Ésta es la tercera condicionante de la vida: guiar los pasos de la cuna a la tumba, nada más.
Gracias, Herman Hesse, por develar esta verdad que, si se le ve bien, no es tan cruel como se pudiera pensar, pues sólo así el hombre puede llegar a ser quien realmente es.
Para ser honesto, tengo un poco de resquemor de tocar esta condicionante de la vida, pues entiendo que para comprenderle plenamente se requiere de andar un camino que, por mi edad y mis circunstancias vivenciales, aún no he andado. Haré un esfuerzo, sin embargo.
Pongámonos imaginariamente en el otoño de nuestra vida. Para entonces, ya habremos jugado los dos juegos anteriores: el de darnos de topes con la sociedad por causa de nuestra mente y el de dárnoslos por causa de nuestro accionar. Tal vez los jugamos bien, tal vez los jugamos mal, pero, al final, esto es marginal. Lo que cuenta es que las cosas ya están hechas, que la vida ya ha sido vivida, y que lo futuro se asemeja más a una nada que a una posibilidad. Mientras que antes la rutina se hizo por costumbre, ahora la costumbre se hace por rutina. Se visten los mismos trapos porque ya sólo se piensa en vestirse con trapos, sin importar cuáles sean. Se toman los mismos vinos porque ya no se conocen los nuevos vinos. Se disfrutan los mismos placeres, se enarbolan las mismas virtudes y se practican los mismos vicios, porque los de hoy ya son de otro tiempo y ya no se tiene voluntad de expermientar de nuevo. En pocas palabras, uno se torna egocéntrico, en el sentido más puro del término, porque la vida, finalmente, se piensa sólo a partir de lo que uno ha tenido y aprendido; los demás ya no existen porque ya no son requeridos: ya nos ayudaron a delimitarnos, a definirnos y a localizarnos, por lo tanto, ya no nos son necesarios para ser nosotros. Al diablo con ellos, pues ya nos robaron mucho tiempo, mucho espacio y mucho esfuerzo. Así, uno se encierra en una burbuja opaca, en la que sólo tiene cabida aquello que aprendimos a apreciar antes de este momento.
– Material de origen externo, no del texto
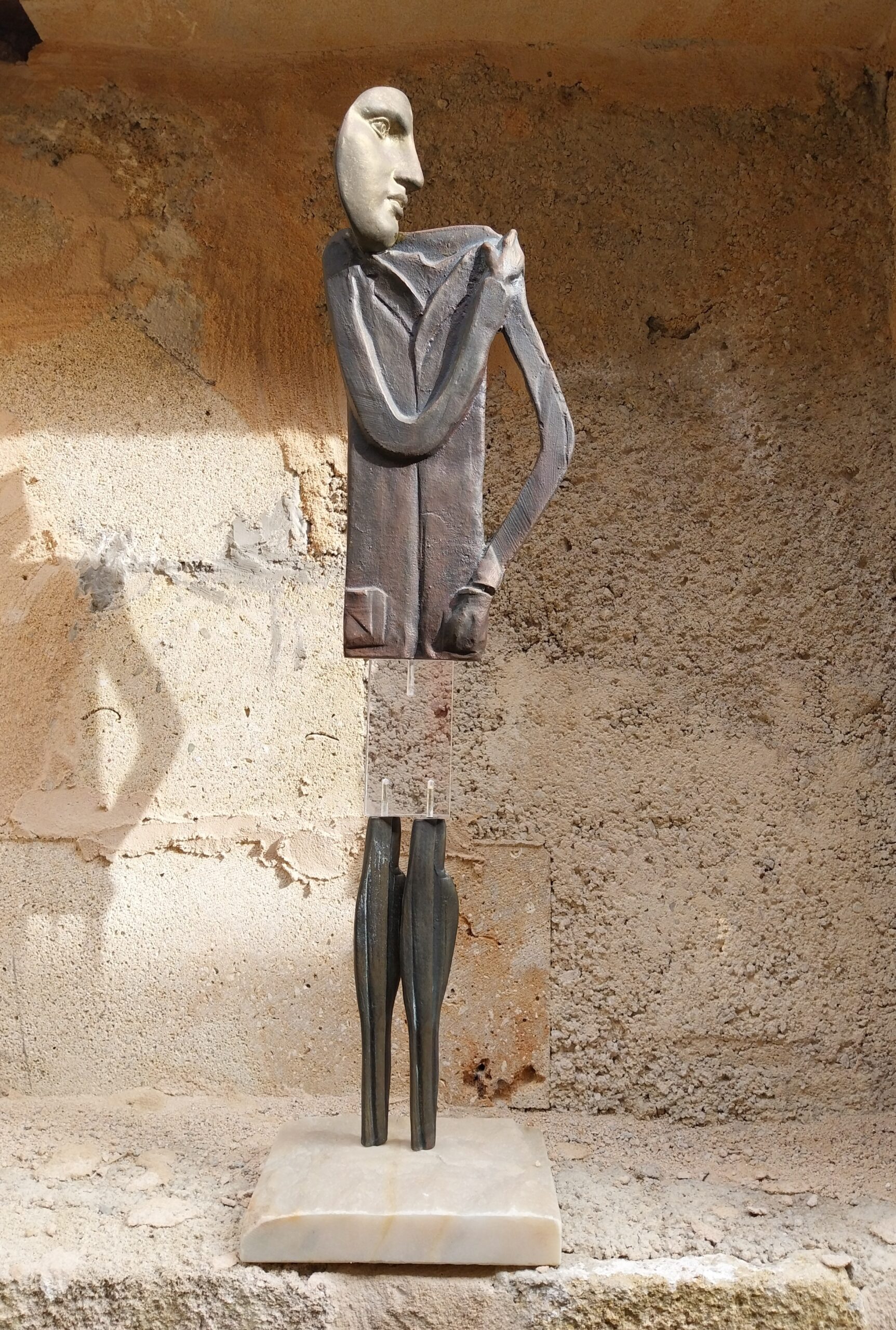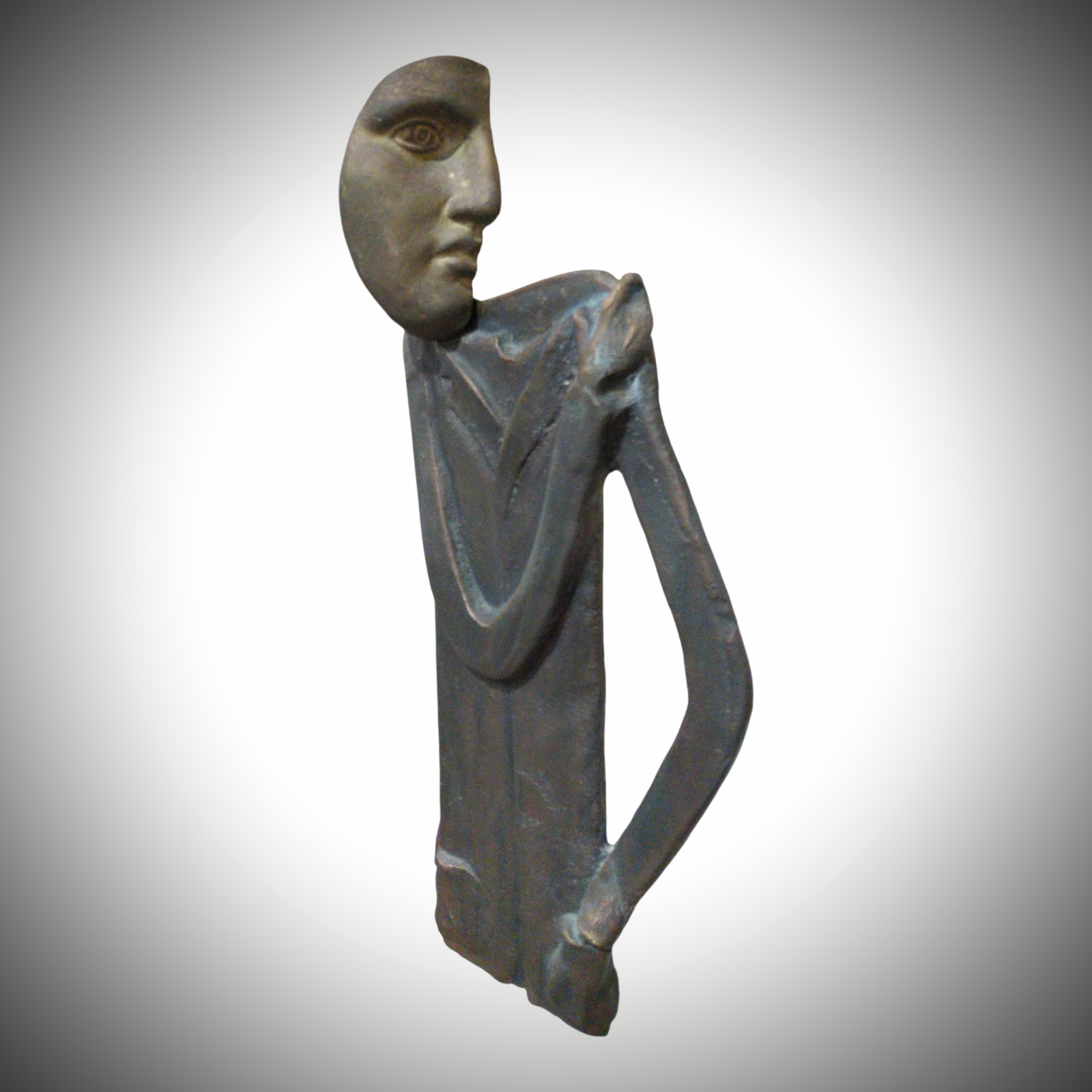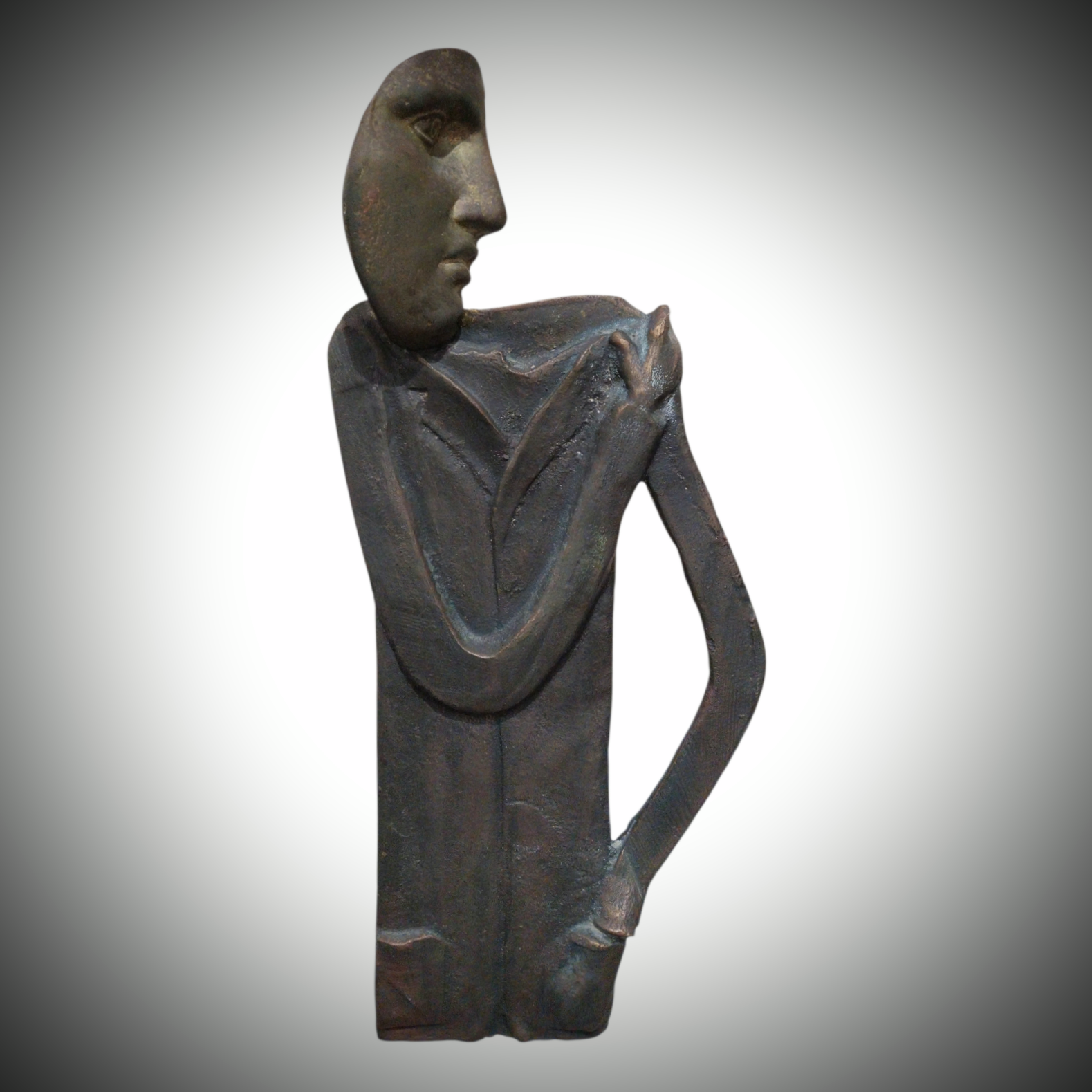 - This contemporary bronze sculpture depicts a male figure standing in a state of quiet introspection.Mounted on a solid marble base,the figure’s legs and torso are subtly connected through transparent plexiglass elements,creating a sense of suspension and structural tension.
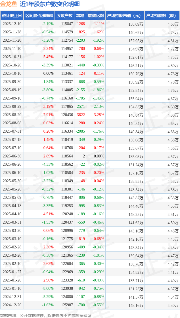 从股价来看,2025年11月28日至2025年12月10日,金龙鱼区间跌幅为2.19%,在此期间股东户数增加1268.0户,增幅为1.11%。

Sin que nos demos cuenta, nos hallamos como estuvimos al principio de nuestra vida: en un universo vital muy pequeño, con muy pocos actores con quiénes relacionarnos, con muy pocos escenarios para desenvolvernos, y con una personalidad construida por la sociedad que choca con sus nuevos modelos comprobados. Así, nos percatamos de que el camino no termina donde nos detuvimos; nos asalta de nuevo la duda de si estuvimos en nuestro lugar adecuado y si fuimos quienes creímos ser. Entonces, se prende de nuevo la chispa y se vuelve a andar el camino para poder terminar lo que se empezó una vez.
Ésta es la tercera condicionante de la vida: guiar los pasos de la cuna a la tumba, nada más.
Gracias, Herman Hesse, por develar esta verdad que, si se le ve bien, no es tan cruel como se pudiera pensar, pues sólo así el hombre puede llegar a ser quien realmente es.